[파이썬] nltk 대화 분석

In this blog post, we will explore how to use Natural Language Toolkit (NLTK) in Python to analyze and process conversations. Conversations are a common form of text data, and by performing various linguistic tasks on them, we can gain insights and extract valuable information.

NLTK is a popular Python library for natural language processing (NLP) tasks. It provides a wide range of functionalities to work with text data, including tokenization, part-of-speech tagging, named entity recognition, sentiment analysis, and more.

Let’s get started with some basic steps:

Installing NLTK

First, make sure you have NLTK installed. You can install it using pip:

pip install nltk

Importing NLTK and Corpus

To analyze conversations, we need to import the required modules from NLTK. We will also download the necessary corpus, such as the stopwords and Punkt tokenizer models:

import nltk

nltk.download('punkt')
nltk.download('stopwords')

Tokenizing Conversations

Tokenization is the process of breaking text into individual words or sentences. In conversations, we often need to tokenize the text at the sentence level to analyze them effectively. NLTK provides the sent_tokenize() method for this purpose:

from nltk.tokenize import sent_tokenize

conversation = "Hey, how's it going? Good to see you! Shall we grab a coffee?"

sentences = sent_tokenize(conversation)

print(sentences)

Output:

['Hey, how's it going?', 'Good to see you!', 'Shall we grab a coffee?']

Analyzing Part-of-Speech (POS) Tags

Part-of-speech tagging is the process of assigning grammatical tags to words in a sentence. It helps in understanding the role and relationship of words in a conversation. NLTK provides the pos_tag() method to perform POS tagging:

from nltk import pos_tag
from nltk.tokenize import word_tokenize

conversation = "Hey, how's it going? Good to see you! Shall we grab a coffee?"

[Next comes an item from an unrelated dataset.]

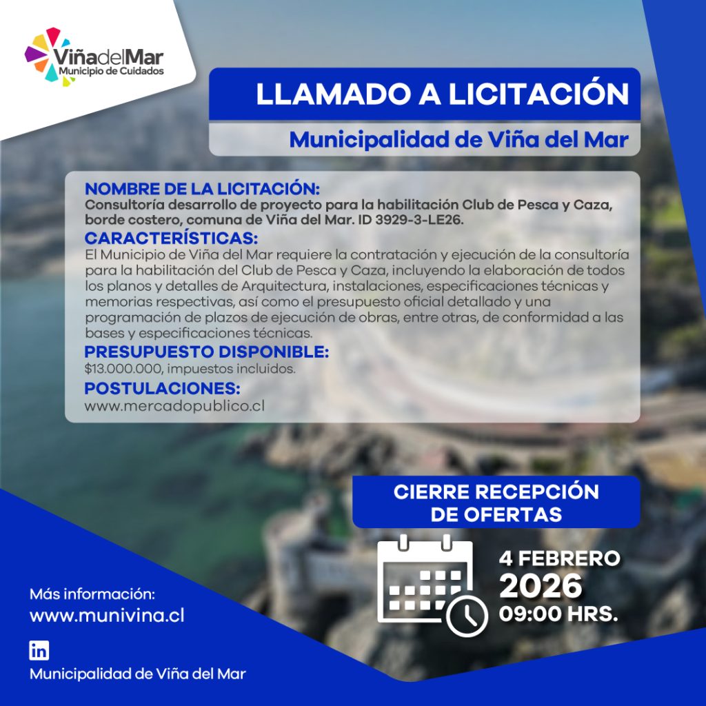 LLAMADO A LICITACIÓN MUNICIPALIDAD DE VIÑA DEL MAR CONSTRUCCIÓN SEDE VECINAL MARÍA LUISA BOMBAL
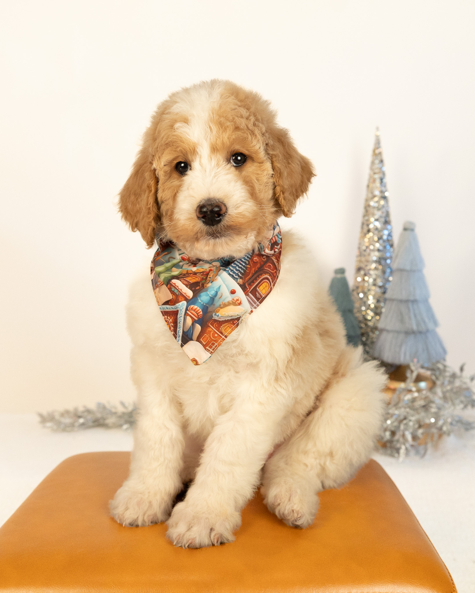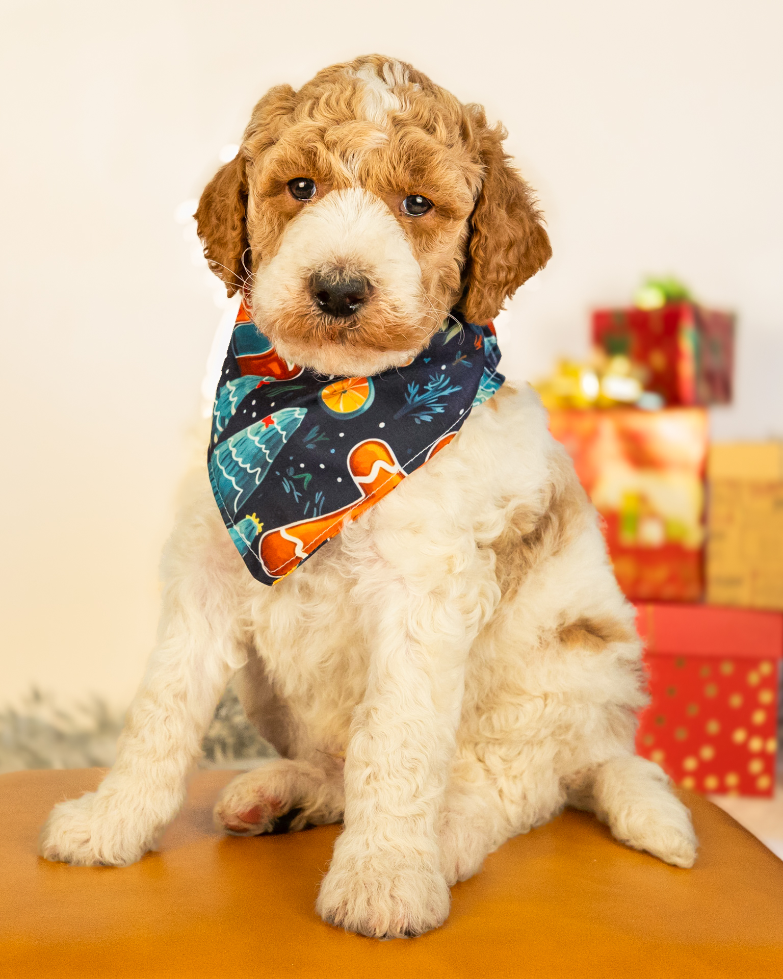 Louis (LOO-ee) is a multigen standard Goldendoodle puppy who will be ready for his fur-ever home around December 9th! His soft, fluffy coat is hypoallergenic and non-shedding, ensuring endless snuggles without fear of allergic reactions. With a loyal and affectionate temperament, he is the perfect forever friend!

tokens = word_tokenize(conversation)
pos_tags = pos_tag(tokens)

print(pos_tags)

Output:

[('Hey', 'NNP'), (',', ','), ('how', 'WRB'), ("'s", 'VBZ'), ('it', 'PRP'), ('going', 'VBG'), ('?', '.'), ('Good', 'JJ'), ('to', 'TO'), ('see', 'VB'), ('you', 'PRP'), ('!', '.'), ('Shall', 'MD'), ('we', 'PRP'), ('grab', 'VB'), ('a', 'DT'), ('coffee', 'NN'), ('?', '.')]

Extracting Named Entities

Named Entity Recognition (NER) is the process of identifying and classifying named entities such as names, locations, organizations, and dates in a conversation. NLTK provides the ne_chunk() method for extracting named entities:

from nltk import ne_chunk

conversation = "Hey, how's it going? Good to see you, John! Have you been to Paris?"

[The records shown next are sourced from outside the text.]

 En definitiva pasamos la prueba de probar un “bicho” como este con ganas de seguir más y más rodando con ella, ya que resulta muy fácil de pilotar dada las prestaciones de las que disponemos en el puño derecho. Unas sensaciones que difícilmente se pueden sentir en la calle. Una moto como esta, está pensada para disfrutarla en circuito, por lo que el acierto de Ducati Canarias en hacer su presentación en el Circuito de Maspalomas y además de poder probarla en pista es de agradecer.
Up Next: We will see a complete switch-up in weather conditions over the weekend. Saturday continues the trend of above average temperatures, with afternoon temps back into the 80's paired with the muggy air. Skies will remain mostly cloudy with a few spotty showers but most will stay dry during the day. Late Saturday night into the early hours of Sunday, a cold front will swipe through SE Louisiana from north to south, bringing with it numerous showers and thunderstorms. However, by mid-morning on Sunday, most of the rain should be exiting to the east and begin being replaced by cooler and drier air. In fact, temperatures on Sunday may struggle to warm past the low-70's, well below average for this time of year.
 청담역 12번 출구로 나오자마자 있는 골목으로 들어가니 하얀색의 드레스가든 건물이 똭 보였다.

tokens = word_tokenize(conversation)
pos_tags = pos_tag(tokens)
named_entities = ne_chunk(pos_tags)

print(named_entities)

Output:

(S
  Hey/NNP
  ,/,
  how/WRB
  's/VBZ
  it/PRP
  going/VBG
  ?/.
  Good/JJ
  to/TO
  see/VB
  you/PRP
  ,/,
  (PERSON John/NNP)
  !/.
  Have/VB
  you/PRP
  been/VBN
  to/TO
  (GPE Paris/NNP)
  ?/.)

Sentiment Analysis

Sentiment analysis determines the sentiment expressed in a conversation, whether it is positive, negative, or neutral. NLTK provides a built-in sentiment analyzer, which can be used for sentiment analysis:

from nltk.sentiment import SentimentIntensityAnalyzer

conversation = "Hey, how's it going? I had a great day today!"

sid = SentimentIntensityAnalyzer()
sentiment_scores = sid.polarity_scores(conversation)

print(sentiment_scores)

Output:

{'neg': 0.0, 'neu': 0.354, 'pos': 0.646, 'compound': 0.8176}

The compound score indicates the overall sentiment, where values closer to 1 represent positive sentiment.

These are just a few examples of how NLTK can be used to analyze conversations. NLTK provides many more features and functionalities for in-depth analysis and processing of text data. Feel free to explore the NLTK documentation and experiment with other techniques to gain further insights from your conversations.

Start analyzing your conversations with NLTK and unlock the power of NLP in Python!